§ **DATASET SECTION**

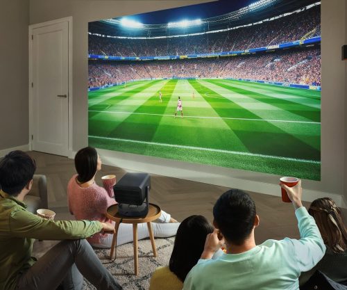 壁から2.5mの距離があれば100インチの映像を投影でき、5mだと150インチの大画面を楽しめます。投影位置を柔軟に調節可能です。
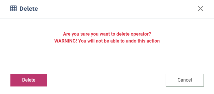 To remove the unconfirmed operator from the list, click the “Delete” button in the “Action” column. For completing the action click the “Delete” button in the “Delete” pop-up window.
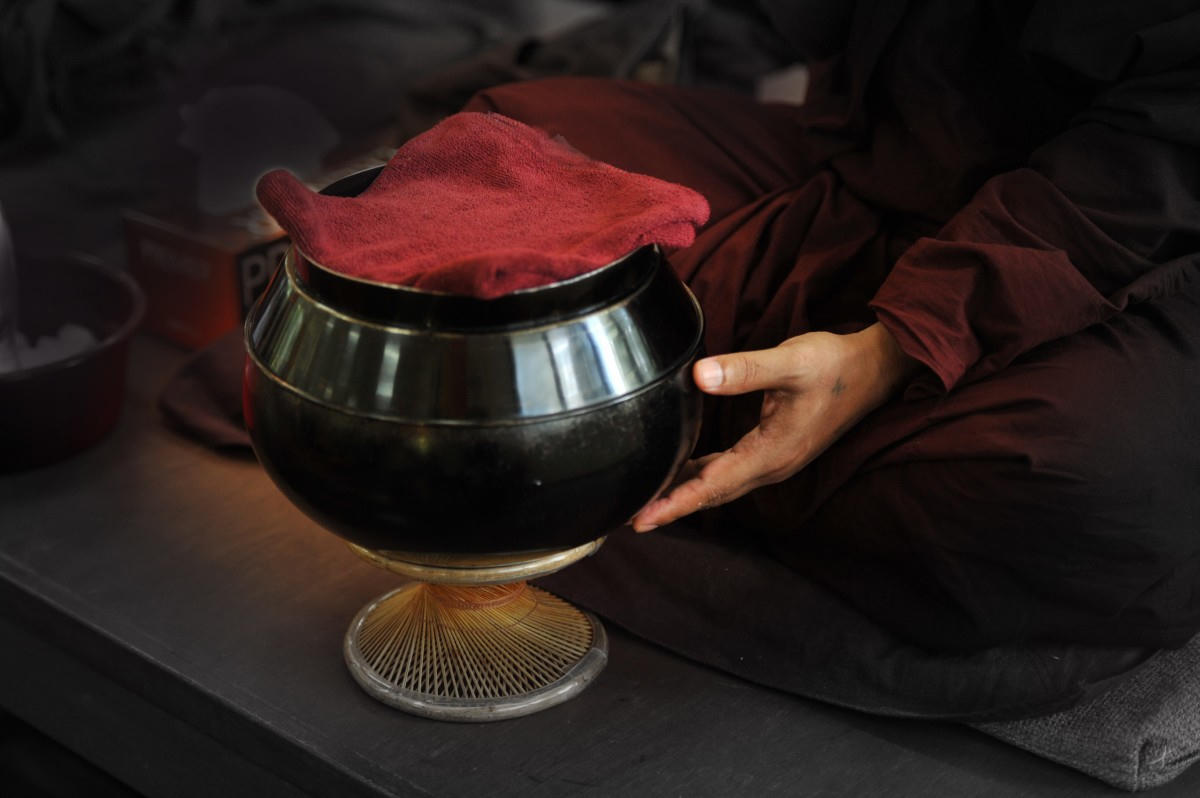 Mỗi lần đi khất thực, tay nâng bình bát đang còn trống không, đức Phật dạy đệ tử của Ngài không phiền muộn, không lo lắng mà phải an tịnh và nhận đồ cúng dường với tâm bình đẳng.
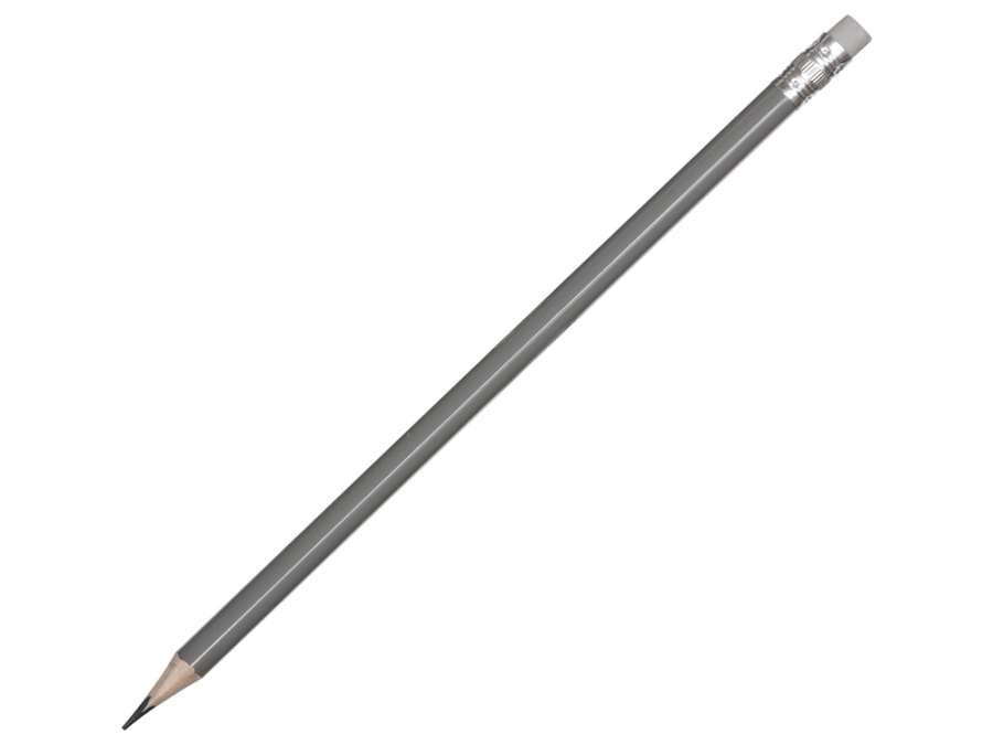 Трехгранный чернографитовый карандаш с ластиком будет очень полезным и недорогим подарком. Карандаш заточен.

§ **WORK REQUEST**
The response is the full listing, copied exactly, with the pictures omitted.

§ **SOLUTION**
 壁から2.5mの距離があれば100インチの映像を投影でき、5mだと150インチの大画面を楽しめます。投影位置を柔軟に調節可能です。
 To remove the unconfirmed operator from the list, click the “Delete” button in the “Action” column. For completing the action click the “Delete” button in the “Delete” pop-up window.
 Mỗi lần đi khất thực, tay nâng bình bát đang còn trống không, đức Phật dạy đệ tử của Ngài không phiền muộn, không lo lắng mà phải an tịnh và nhận đồ cúng dường với tâm bình đẳng.
 Трехгранный чернографитовый карандаш с ластиком будет очень полезным и недорогим подарком. Карандаш заточен.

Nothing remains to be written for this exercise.